Instructions for the task => Would you transcribe the whole listing exactly, minus its pictures?

Recorded data =>
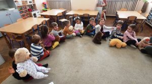 Dzieci z grup starszych brały udział w ,,Misiowych zadaniach” przygotowanych przez specjalnego gościa -Misia Henryka. Każda grupa miała do wykonania 3 zadania, po których wykonaniu otrzymywała część puzzla. Po zakończeniu zabawy należało połączyć ze sobą wszystkie zdobyte części puzzli.
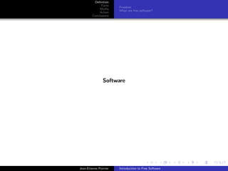 The document provides an introduction to free software, defining its principles, freedoms, and dispelling common myths surrounding it. It highlights key actors in the movement, including Richard Stallman and Linus Torvalds, and emphasizes the accessibility, security, and support provided by community-driven free software. The presentation encourages the use of free software across various platforms and applications, promoting its advantages and community involvement.
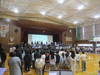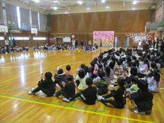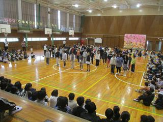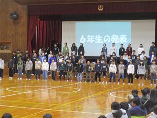 3月2日(月)に6年生を送る会を行いました。最初に5年生のオープニングで始まり、次に、1年生、2年生、3年生、4年生、5年生の順に発表しました。どの学年の発表も6年生への感謝の思いにあふれ、歌あり踊りありの楽しいた発表で、6年生のうれしそうな表情がとても印象的でした。その後、6年生の入学からこれまでの写真をまとめた映像を鑑賞し、6年生が、「ぼくらの日々」を歌いました。その後、校旗の引き継ぎが行われ、最後は、在校生から歌のプレゼントとして「大切なもの」、そして、校歌を歌って会が終了しました。この会を通して、とても温かい雰囲気に包まれまれるとともに、各学年のこの一年での成長を感じました。

Output for this task =>
 Dzieci z grup starszych brały udział w ,,Misiowych zadaniach” przygotowanych przez specjalnego gościa -Misia Henryka. Każda grupa miała do wykonania 3 zadania, po których wykonaniu otrzymywała część puzzla. Po zakończeniu zabawy należało połączyć ze sobą wszystkie zdobyte części puzzli.
 The document provides an introduction to free software, defining its principles, freedoms, and dispelling common myths surrounding it. It highlights key actors in the movement, including Richard Stallman and Linus Torvalds, and emphasizes the accessibility, security, and support provided by community-driven free software. The presentation encourages the use of free software across various platforms and applications, promoting its advantages and community involvement.
 3月2日(月)に6年生を送る会を行いました。最初に5年生のオープニングで始まり、次に、1年生、2年生、3年生、4年生、5年生の順に発表しました。どの学年の発表も6年生への感謝の思いにあふれ、歌あり踊りありの楽しいた発表で、6年生のうれしそうな表情がとても印象的でした。その後、6年生の入学からこれまでの写真をまとめた映像を鑑賞し、6年生が、「ぼくらの日々」を歌いました。その後、校旗の引き継ぎが行われ、最後は、在校生から歌のプレゼントとして「大切なもの」、そして、校歌を歌って会が終了しました。この会を通して、とても温かい雰囲気に包まれまれるとともに、各学年のこの一年での成長を感じました。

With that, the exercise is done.